The early L.A. punk scene had a rich and diverse array of bands that included the Germs, the Bags, the Weirdos, the Screamers, and the Go-Go’s. One of the most talented and accessible from that group was X. They drew from `50s and `60s rock while like their fellow West coast bands, crafted a sound that was theirs and theirs alone. In 1980, they released their debut Los Angeles, a sprawling, moody punk rock‘n’roll barrage that resonated as loud and clear back then as it does today.
“Los Angeles” upon closer look seems like a clash of contrasting elements but ultimately ones the band makes work for them. From the opening riffs in “Johnny Hit and Run Paulene,” the record charges through at a frenzied pace courtesy of veteran guitarist Billy Zoom’s amped up, rockabilly flair. But it also maintains direction and control via the tight drumming of the aptly named D.J. Bonebreak. The record is rooted in punk’s explosive energy with tracks like “Your Phone’s Off the Hook, But You’re Not” and the snarling stomp of “Nausea.” But with the addition of keyboards from producer Ray Manzarek (ex-Doors), it also paints a warm, visceral landscape that borders on an outright spiritual sensibility. The dreamy textures within “The World’s a Mess, It’s in My Kiss” are an example of this. Make no mistake though, the core of the record is still melodic rock‘n’roll in a blender set on high as their hyperactive cover of the Doors’ “Soul Kitchen” should attest to.
What is immediately noticeable about X is the dual vocalists, Exene Cervenka and bassist John Doe. Their differing styles make them an unlikely pair. Exene has a wail to go along with a voice as sweet as it haunting while John’s more soulful tenor is sturdy and grounded.
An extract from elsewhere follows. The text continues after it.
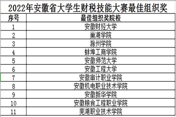 本网讯(通讯员:陈伟、夏敏)近日,2022年安徽省大学生财税技能大赛成功落下帷幕,beat365官网财会与金融学院共有1支团队荣获省级一等奖,9支团队荣获二等奖,16支团队荣获三等奖,总获奖数量创学校在该项赛事中的最好成绩。同时,beat365官网连续两年获赛事最佳组织奖。
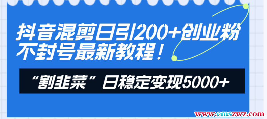 (8349期)抖音混剪日引200+创业粉不封号最新教程!“割韭菜”日稳定变现5000+!

But with each taking turns at lead vocals, they effectively add a compelling dimension to the songs via their pinpoint harmonizing and distinct vocal interplay. Case in point is the beautiful ballad “The Unheard Music,” which is seemingly a reflection on their then flourishing underground punk counterculture. The highlight of the record may be their back-and-forth call in the classic title track “Los Angeles,” which is about a girl leaving the city after succumbing to xenophobia.
Lyrically, X’s songs had a dark and gritty quality to them, a byproduct of an honest and unfiltered look on sex, love, and life in Los Angeles. Their poetic style naturally has an abstract, stream of consciousness trait to it such as in “Nausea,” but also a tangible and graphic one as in the horrific account of a rape in “Johnny Hit and Run Paulene.” In the blistering “Sugarlight,” when John sings “Sugarlight we're addicts / Why do you think we came / He's pasting gold leaches on my arm / We sharpen up our teeth / White sugar he speaks French / Memorizing torsos he's open throated,” it feels like you could be in some dingy room in Skid Row shooting up with him, until a closer look at the song reveals it is actually about gay men living in the city.
On successive records throughout the `80s, X would further expand on the blueprint set here. It’s debatable as to whether or not they ever topped this effort. Nevertheless, the collective inputs of accomplished musicians and talented songwriters helped to add another unique face to punk’s beginnings. From Billy Zoom’s rockabilly footprints and DJ’s powerful drumming, to the incomparable Exene / John Doe dynamic and a dash of the Doors spirit, X firmly stood up to and stood out amongst their contemporaries. Los Angeles would be proof of that.